Meinungen aus der Lesejury

Veröffentlicht am 13.07.2020

Abenteuerliches Finale, das viel Platz für Spekulationen während des Lesens bietet.

2

Achtung! Dieses Buch ist der vierte und finale Band der Reihe "Die Spiegelreisende". Spoiler auf den Inhalt der vorangegangen Bände sind sehr wahrscheinlich!! Es empfiehlt sich, die Bücher in der vorgesehenen ...

Achtung! Dieses Buch ist der vierte und finale Band der Reihe "Die Spiegelreisende". Spoiler auf den Inhalt der vorangegangen Bände sind sehr wahrscheinlich!! Es empfiehlt sich, die Bücher in der vorgesehenen Reihenfolge zu lesen!

Im finalen Band der Reihe begleiten wir Ophelia, die sich auch weiterhin als Eulalia ausgibt, und Thorn auf ein letztes Abenteuer. Noch immer ist die Identität des Anderen nicht geklärt. Und weiterhin brechen die Archen auseinander. Gemeinsam mit alten und neuen Freunden begeben sich die Beiden an einen Schauplatz, der in den vorherigen Bänden bereits mehrfach erwähnt wurde, allerdings keine große Rolle gespielt hat.
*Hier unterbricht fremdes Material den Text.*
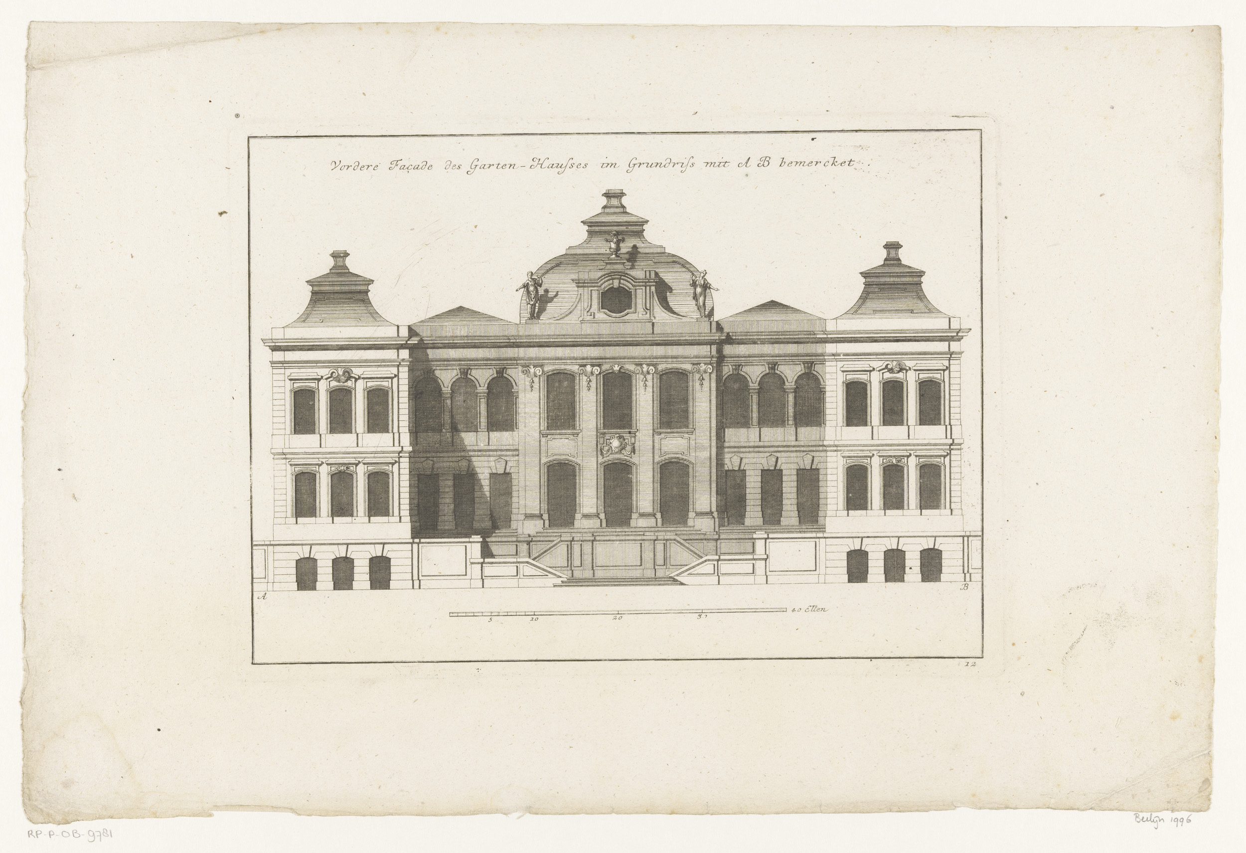 Frontfaçade van een tuinpaviljoen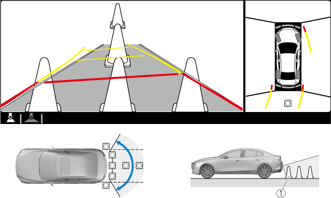 The parking sensor detection range has limitations. For example, obstructions closing in from the side and objects short in height may not be detected. Always confirm the safety around the vehicle visually when driving.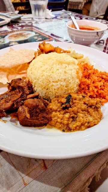 店内は、スリランカの伝統的な装飾が施され、落ち着いた雰囲気が漂っています。全席禁煙で、清潔感のある空間が広がり、女性一人でも入りやすいです。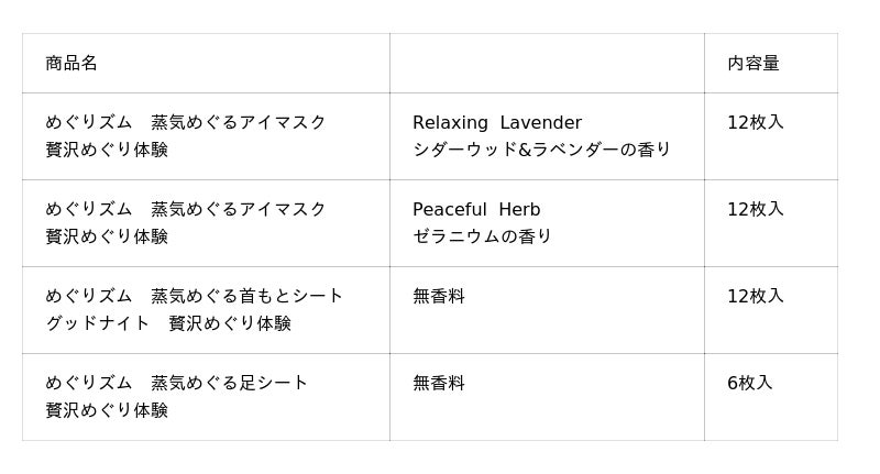 「めぐりズム 贅沢めぐり体験」シリーズは、これからの季節にぴったりな2種の香りのアイマスクと、首もとシート、足シートを組み合わせた4商品。目・首・足に一緒に使うことで、気分までときほぐれて、全身に心地よさめぐるひとときを提供します。

Der Einstieg in die Geschichte gefiel mir wie auch in den bisherigen Bänden sehr gut. Der Schreibstil und die wirklich tolle und fantasiereiche Welt konnten mich direkt wieder begeistern. Allerdings wurde mir schon zu Beginn sehr schnell klar, dass dieser Band anders werden würde. Sehr schnell verändert sich die Stimmung auf Babel und vieles ist nicht mehr wie gewohnt. Zudem erreichen Ophelia und Thorn den finalen Ort, an dem alle Fäden zusammen laufen. Die Suche nach dem Anderen und Eulalia Gort nehmen immer mehr an Fahrt auf. Doch wie man es bereits kennt, ist nichts so wie es anfangs scheint und dann doch aber wieder anders als man denkt.

Die Suche nach Eulalia und dem Anderen nimmt den größten Raum des Mittelteils ein. Hier arbeitet die Autorin mit sehr vielen Sprüngen bzgl. Sichtweisen, Zeit und Ort. In diesem Abschnitt musste ich mich durchaus konzentrieren der Geschichte zu folgen. Allerdings konnte ich dank des flüssigen Schreibstils und meiner unbändigen Neugierde ohne Probleme durch die Seiten fliegen. Viele Fragezeichen bauten sich dabei in meinem Kopf auf und ich habe tatsächlich manchmal vom Buch aufgeschaut und musste das Ganze mal kurz sacken lassen. Nur um dann direkt wieder meinen Blick zu senken, weil ich unbedingt wissen wollte wie es weiter geht. Am schwierigsten war für mich in diesem Abschnitt das zunehmende Verschwimmen von Eulalia und Ophelia.
Durch den gerade beschriebenen Aufbau der Geschichte wirkte einfach Alles zwischenzeitlich sehr konfus und durchaus wirr.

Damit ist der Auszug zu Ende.